Rick Swan reviewed Arms and Equipment Guide for Dragon magazine No. 192 (April 1993). He suggested this book "has the answers" for "AD&D game players baffled by the differences between chain mail and brigandine armor, and who don't know a bardiche from a barbell". He said that the designers "probe the mysteries of the Player's Handbook equipment lists in lavish detail. Practical applications complement the colorful descriptions, making this particularly useful for players who want to know exactly how weaponblack or stirrups affect the game". He complained of too many unlabeled illustrations and the absence of an index, saying that they "mar this otherwise first-rate reference".

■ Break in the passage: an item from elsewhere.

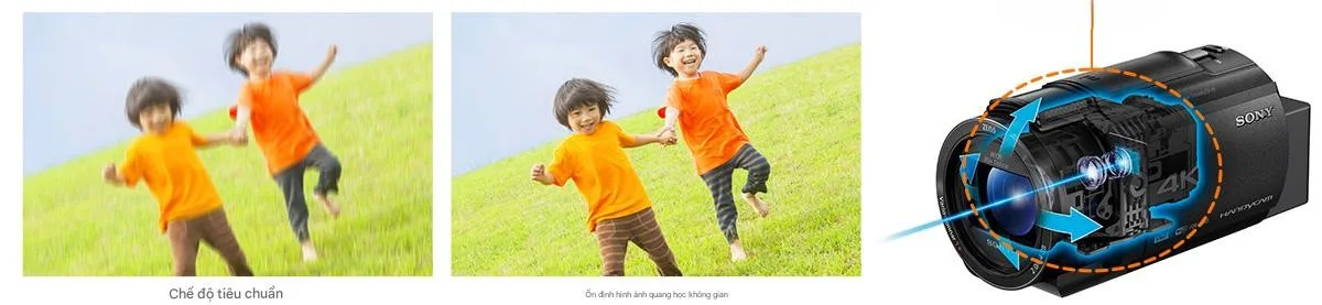 Điểm làm nên danh tiếng của dòng Handycam này chính là công nghệ chống rung quang học không gian (Balanced Optical SteadyShot). Khác với chống rung điện tử thông thường, toàn bộ cụm ống kính và cảm biến bên trong AX45A được thiết kế để "bay" lơ lửng, giúp triệt tiêu rung động ngay cả khi bạn vừa đi bộ vừa quay hay đang zoom cận cảnh.
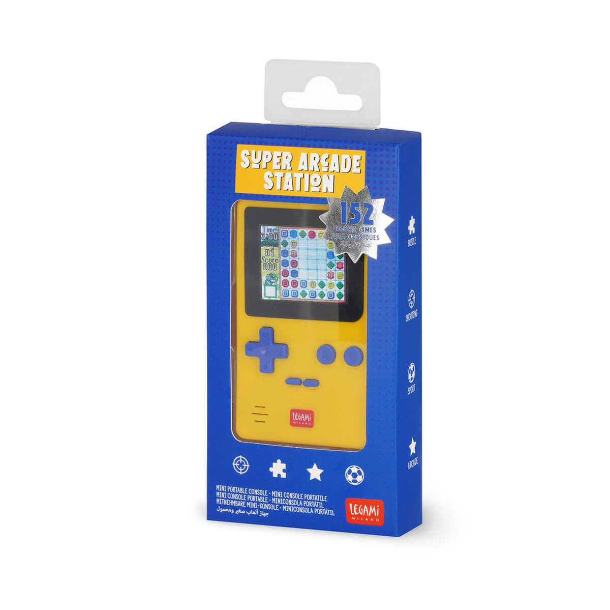Mini Portable Console Super Arcade Station by Legami. Relive the 1990s with this retro inspired portable games console. Enjoy 153 8-bit games in colour for all levels and keep it in your pocket to play wherever, whenever you need some entertainment. English language with adjustable volume.

DieHard GameFan said that "I can't think of any circumstances where I would not recommend this book. It succinctly and authoritatively describes so many fantasy objects taken from medieval eras that, unless you already know all of this stuff and more, would simply be necessary if you even want to know what you are talking about when discussing armor, weapons, and equipment."

====Reviews====
- Casus Belli #84 (Dec 1994)

==3rd edition==

The d20 system, 3rd edition version of the Arms and Equipment Guide was printed in 2003 and was designed by Eric Cagle, Jesse Decker, Jeff Quick, and James Wyatt. Cover art was by Eric Peterson, with interior art by Dennis Cramer, David Day, David Martin, Scott Roller, and Sam Wood. This book has an introduction, six chapters, and an appendix containing random treasure tables. Chapters are "Weapons and Armor", "Adventuring Gear", "Vehicles", "Hirelings and Creatures", "Magical Items", and "Special Magical Items".

==="Weapons and Armor"===
The first section of the book is concerned with mundane weapons and armor. It introduces many new weapons, such as the Gyrspike, a sword with a spiked ball attached to the hilt by a chain. As well, the section lists the different weapons used throughout the different cultures and time periods, and the names they were known by. It describes several different materials for use in creating weapons or armor, such as bronze and coral.

==="Adventuring Gear"===
This second lists the details and price of clothing, candles, alchemical items, and other adventuring necessities; the section consists of approximately 145 items. Also included is a discussion on economic systems in the fantasy world.

==="Vehicles"===
A wide range of vehicles are discussed in this section, from nautical wind-powered ships and horse-drawn carriages, to zeppelins and triceratops. Rules are given on how to control mounts, and what happens when two vehicles crash. Several magical items are given for the use in vehicles, such as the Wind-Favored Sails.

==="Hirelings and Creatures"===
Prices are given for hirelings of various skill levels. Statistics are also given for cheap to expensive mercenaries, including some fantasy creatures, such as pixies. A section on pets discusses the training of animals and legendary creatures as guard animals and pets. Several new creatures are introduced, such as the Climbdog. Rules concerning mounts, several magic items relating to animal training, and new mounts are proposed.

==="Magical Items"===
Many new potions, rings, staffs, rods, and wondrous items are detailed in this chapter, including a new type of potion called Elixir Armor. Made from the essence of creatures with natural armor, it grants the drinker with an armor class bonus.

====Weapons====
A large part of the book focuses on magical weapons. Three pages of weapon abilities is followed by 24 pages of specific magical weapons.

==="Special Magical Items"===
This section contains new intelligent, cursed, and artifact items, the most notable of which include the Regalia of Might and the Rod of Seven Parts.